Applying an evolution-based approach, we found elements of the protein preserved in different animals, including humans, and used this information to create a conjectured Ca-trace model of hCTR1’s transmembrane domain (Fig. 1, spirals). We then proceeded to calculate the protein’s main modes of motion (Movie 1). Finally, based on the model-structure and predicted motion, a mechanism by which the protein transports the copper ions into the cell was suggested. According to the proposed mechanism, hCTR1 lets the ions through one by one, keeping them under close control (Fig. 2). Careful ion selection and regulation are essential because free copper ions are highly reactive, potentially forming harmful free radicals. Since hCTR1 also appears to transport cisplatin into human cells, the new insight into this critical protein’s transport mechanism has significant implications for the understanding, and eventually also the improvement, of chemotherapy treatments for cancer patients.
Movie 1. An illustration of one of the main modes of motions predicted to mediate copper transport.

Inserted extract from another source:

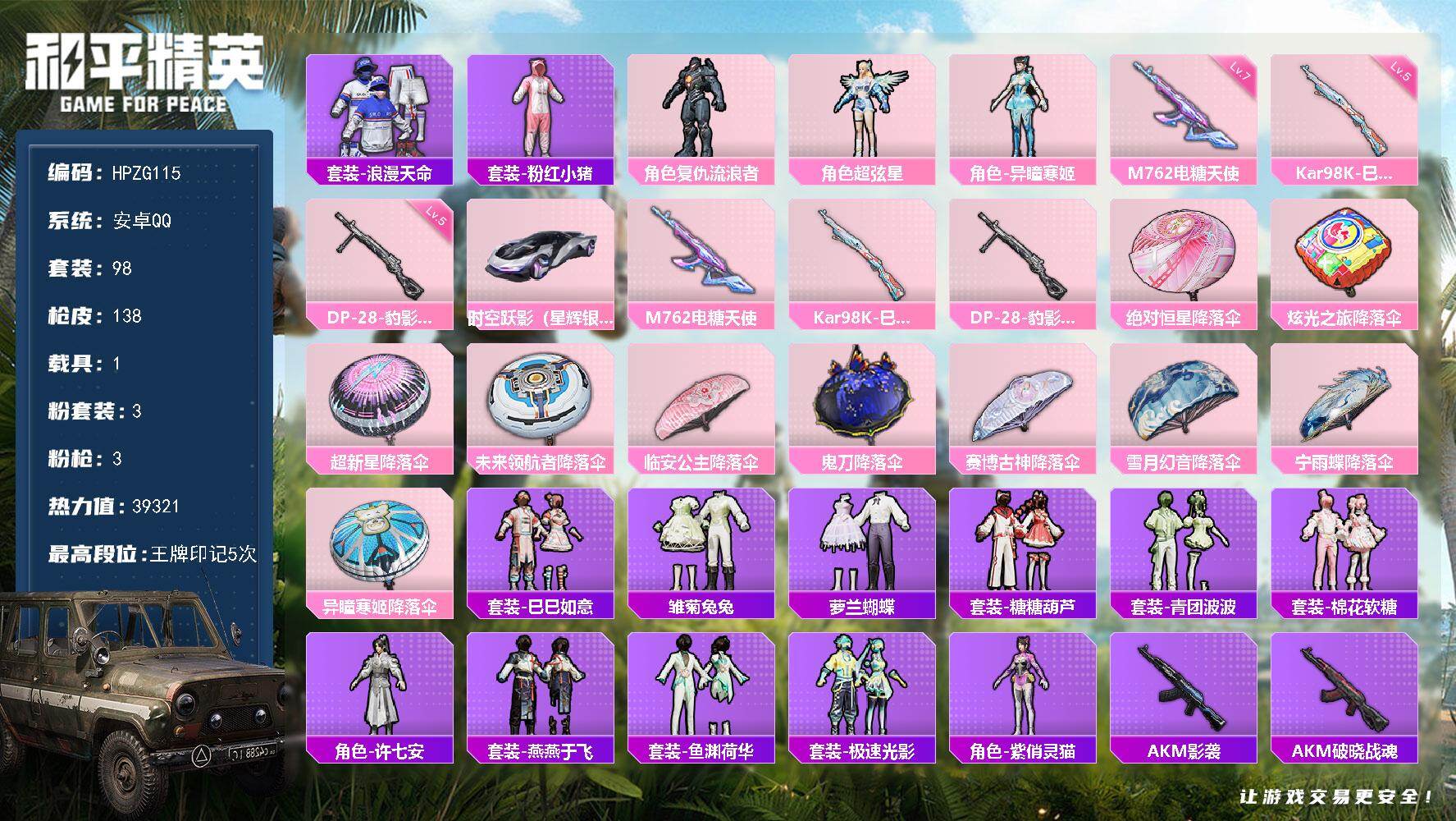 98套装/枪械3/装备180/载具1/战备109/王牌印记5/热力值39321/七级M762

Structural-genomics initiatives
Structural-genomics initiatives aim to produce crystal structures of myriad proteins. This outpouring of structural data is not matched by a similar experimental effort to understand function, and we try to fill this growing gap using phylogenetic analysis. Patches of evolutionarily conserved amino acids that are located in close proximity to each other on the protein surface (see picture on the right) are often important for biological functions; these patches may mediate the association of the protein with other proteins, RNA, DNA or ligand molecules, and may be involved in enzymatic catalysis. We continually develop the Rate4Site algorithm and ConSurf web-server for computation of the evolutionary conservation of the amino acids in proteins.
We develop other computational tools to identify key amino acids that are functionally important, and use them to investigate specific protein families. For example, we develop methodology to look for amino acids that determine specific traits (slight function alterations) within homologous proteins. We also develop methods to search for pairs of amino acids with similar evolutionary history, i.e. pairs of residues that change in tandem and manifest correlated (or compensatory) mutation behavior. We use these methods to investigate selected protein families. As an example, by the use of these and other computational tools, we studied the EGF receptors (also called ErbB and HER), which are involved in breast and lung cancers (EGFR), and suggested a new mechanism of regulation by these proteins. The model provides an explanation, at the molecular level, for the effects of cancer-causing EGFR mutations, and suggests a novel therapeutic venue for EGFR-related cancer.
Systems biology and protein-interaction networks
Ample data on inter-protein interactions are available from high-throughput studies, using, e.g., the yeast two-hybrid method and complex-purification techniques using mass-spectrometry. These relatively recent data are attractive in that they provide vast amounts of interaction data. However, they suffer from a high frequency of false positive interactions and systematic omissions. We aim to bridge the gap between this and structural data as a means to improve the quality of protein networks.